Entries taken from a collection:
=== Section Start ===
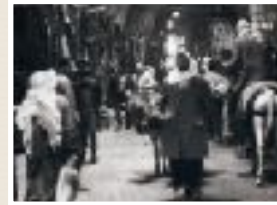
Al-Madina Souk, Aleppo, Syria. Charles Stuart 1973
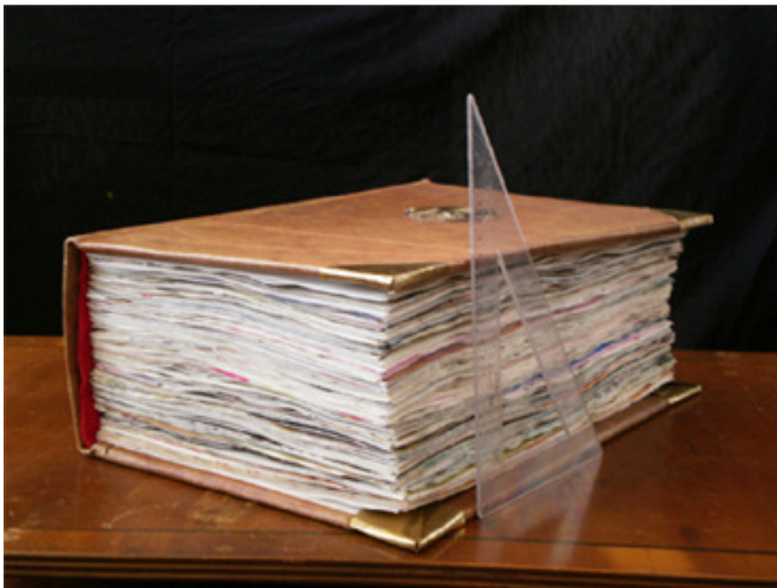
Figura 1. El libro Este es mi cuerpo .

que me ha motivado a recogerlos y usarlos ha sido una intuición de que podría trabajar encima de ellos y con lo que contenían.
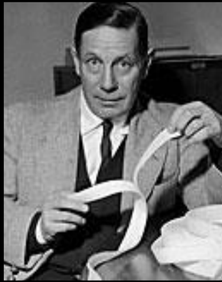
Georges de Mestral 1907 - 1990
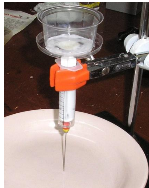
Рис.5. Прибор для экспресс-контроля показателя пенетрации облученных продуктов

задачи – получения нужных структурно-механических показателей продукта, но минимальной с точки зрения приемлемости этого процесса по органолептическим характеристикам и экономическим соображениям. Как следует из табл.1, увеличение дозы приводит к повышению стоимости обработки, так как потребует увеличения реального времени работы технологической линии. Потому методика исследований была построена на принципах последовательного повышения поглощенной дозы, до момента достижения необходимых свойств мышечной ткани обрабатываемых моллюсков. В качестве характеризующего параметра был выбран показатель пенетрации. Специально для данных исследований был создан прибор для экспресс-контроля данного показателя и динамики его изменения (рис. 5).
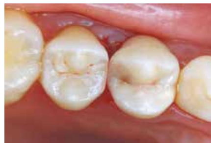
La restauración con Polofil Supra, ya acabada
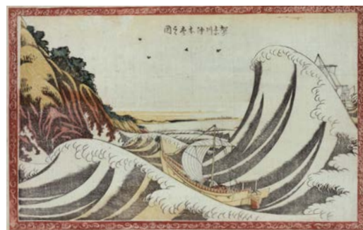
Honmoku au large de Kanagawa, vers 1804-1807.

Sur l'importance du mont Fuji au Japon : http://www.nippon.com/fr/currents/d00021/
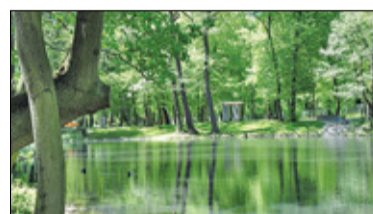
||| Brwinów - Bakterie oczyszczą staw s. 5
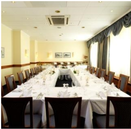
Salon 60m 2
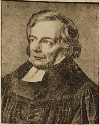
Zum 100. Todestag Schleiermachers Friedrich Schleiermacher, der grosse evangelische Kanzelredner und Philosoph
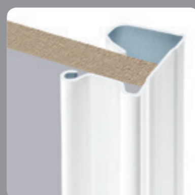
Profil en acier laqué traité anti-corrosion
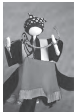
人形を製作するさざなみグループの皆さん（左の写真）と完成した荒馬人形
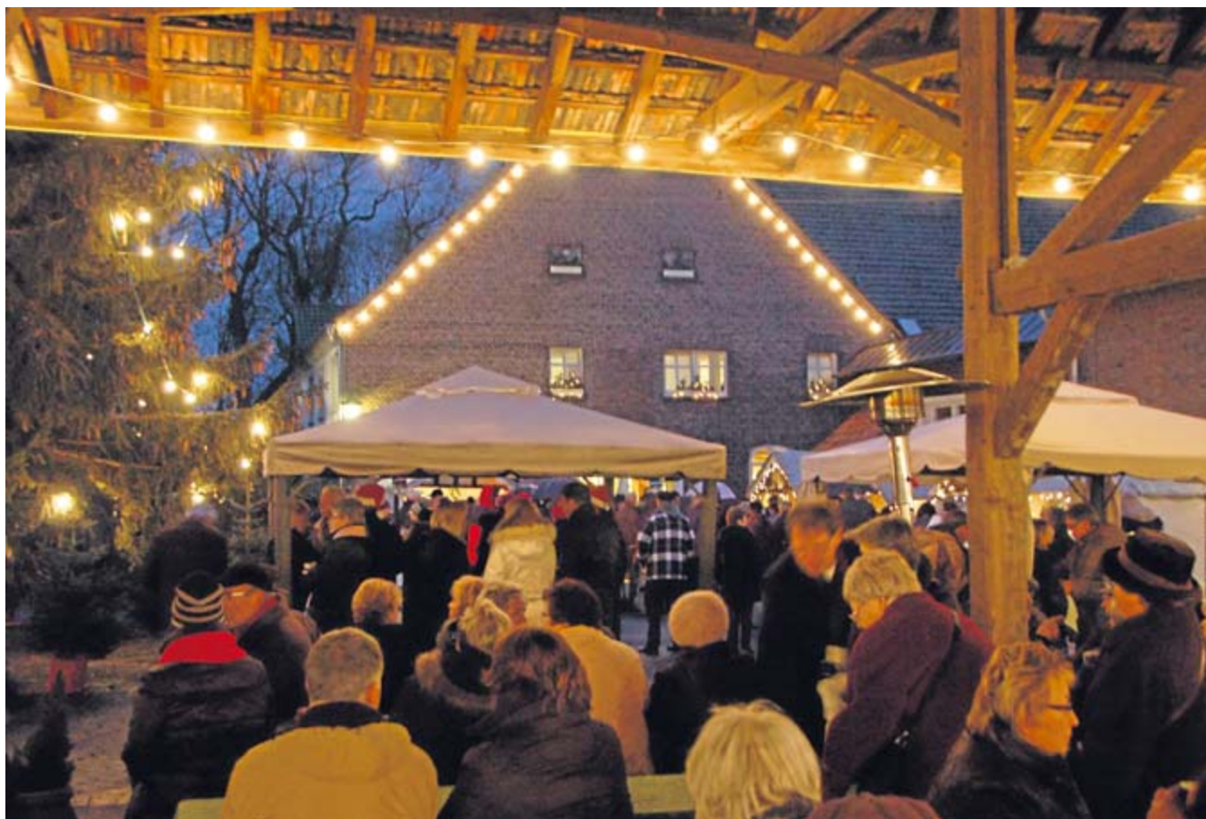
Zwischen den Ständen kam mit Kartoffelpuffern, Waffeln, Bratwurst und Glühwein Weihnachtsstimmung auf.
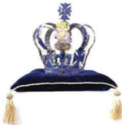
« Crown », Isabel et Alfredo Aquilizan (Mélina Bailly Gallery).
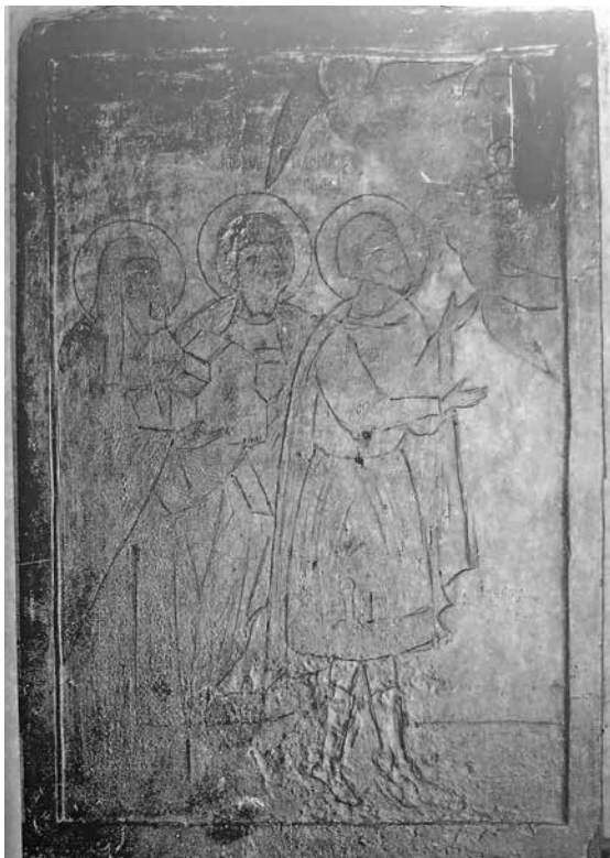
Εικ. 7. Η εικόνα της φωτογραφίας ΧΑΕ 3384 γραφιστικά τροποποιημένη με τονισμένες τις λεπτομέρειες των μορφών.

Ήταν μια σκαφωτή εικόνα με αυτόξυλο πλαίσιο, που αποτελούνταν από δύο τουλάχιστον ενωμένες ξύλινες σανίδες. Ο κάμπος της εικόνας ήταν πιθανότατα χρυσός. Ο Π. Παπαγεωργίου αναφέρει ότι το φωτοστέφανο του Γενναδίου ήταν αργυρό. Στη φωτογραφία όμως δεν φαί-
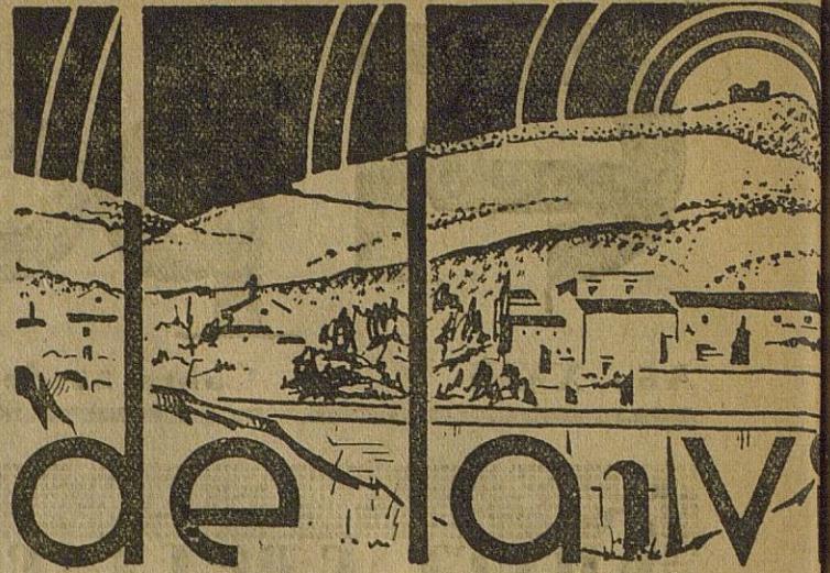
De las pasadas Fiestas

Vida Municipal: Un edicto interesante para los propietarios de fincas rústicas. Los premios de los Concursos de patios de los barrios de la Soledad y de la Placeta.--El próximo Domingo se celebrarán en la Ermita de La Esperanza las tradicionales fiestas en honor de la Santísima Virgen del Rosario.--Otra novena en honor de nuestra Excelsa Madre y Patrona o o o o o
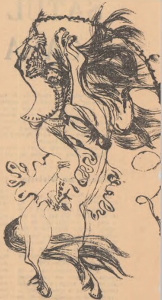
Desen de NICA PETRE

— Draga noastră Zoe, a vorbit Zulnia, cu glas tremurat de emoție, află
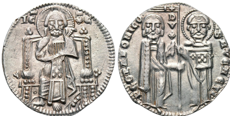
Slika 5. Novac mletačkog dužda Pietra Gradeniga (vl. 1289.-1311.)
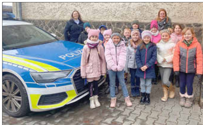
Zweitklässler besuchen Polizei
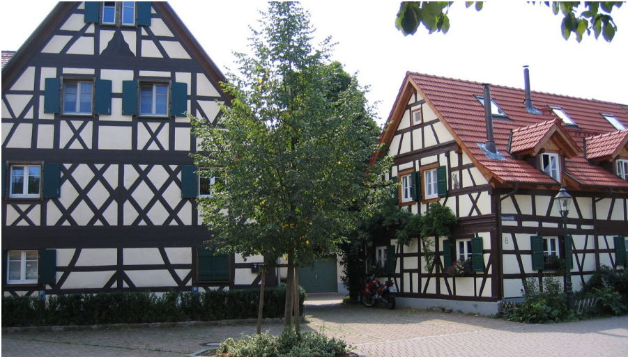
Hänferdorf - © Tourist-Info Bühl
=== Section End ===
→ Work to complete
Skip the pictures and quote each line of the entries above, from the first through the line with "Рис.5. Прибор для", exactly as it appears.

→ Answer below
Al-Madina Souk, Aleppo, Syria. Charles Stuart 1973
Figura 1. El libro Este es mi cuerpo .

que me ha motivado a recogerlos y usarlos ha sido una intuición de que podría trabajar encima de ellos y con lo que contenían.
Georges de Mestral 1907 - 1990
Рис.5. Прибор для экспресс-контроля показателя пенетрации облученных продуктов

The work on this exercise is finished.